L'humanité à toujours connu des guides Gandhi, général De galle, Mao, Mandela...Les guides sont toujours contestés dans leur temps c'est après la mort qu'on le reconnais, nous en avons donc maintenant, mais le temps n'est pas encore là pour le reconnaître si on s'en tient au débat actuel sur certain dictateurs par rapport au terrorisme dans le monde.
En revenant sur le de bat de la pauvreté sur l'axe du genre à mon avis c'est l'absence de démarche en matiere des politiques qui fait problème.
En effet les fonctionnaires en place et les gijvernants ne veulent pas se départir de leurs méthodes ils ignorent les normes de gouvernance en la matière !
La norme du PEFA permet à la fois d'identifier les problèmes et de les résoudre par échelle de priorité mais on se lance hasardeusement sans vidibikte des résultats. C'est pour mois le vrai problème couplé à celui des guerres terreristes de notre époque qui viennent arracher la vedette.
En réalité aucun État n'est suffisamment à l'abri de ce phénomène.

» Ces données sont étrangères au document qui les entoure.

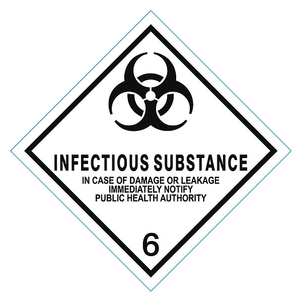 DOT Container Label, Language English, Container Label/Placard Type Hazardous Class, Hazard Class Class 6 (Toxic, Poison Inhalation, & Infectious Substance), DOT/UN Product Form Label, Message Infectious Substance in Case of Damage, Label Width 4 in, Label Height 4 in, Material Vinyl, Package Quantity 25

Soumis par ELHADJ AHMED DEYNA le

Ik n y a jamais eu d ecard en homme et femme depuis Adam et Eve nos ancetres plutot l homme est l esclave de la femme et ses enfants son travail son gain ses economies tout pour le bienetre de la femme.pourquoi la femme est revolte contre l homme a la recherche de l egalite alors qu elle supzrieur des cas la garde des enfants depuis la grossesse juqque l elevation des enfants et autres en un mot la femme merite tous les droits.

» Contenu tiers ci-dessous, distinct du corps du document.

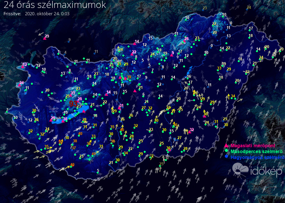 24 órás szélmaximum

Soumis par ELHADJ AHMED DEYNA le

Je pense thematiquement pour eradiquer la pauvrete il faut partout des revolutions agraires la transformation ou l industrialisation des produits conspmmables et les vendre a des prix abordable ect la bonne gouvernance la distribution des pib inter etats entre les composantes de la societe mondial.

Soumis par Bill le

bonjour les blogueurs. A mon humble avis la question est plus préoccupante dans d'autres aspects que celui des écarts entre hommes et femmes. Depuis 2006 à nos jours, la femme a connu une émancipation considérable dans nos différentes sociétés y compris les moins civilisées, s'illustrant par leur intégration conséquente dans les services administratifs et privés sans oublier les nombreuses coopératives féminines dans les campagnes. Je crois plutôt l'accent doit être mis sur l'éducation, la sécurité alimentaire, la paix et la création d'emplois pour la jeunesse.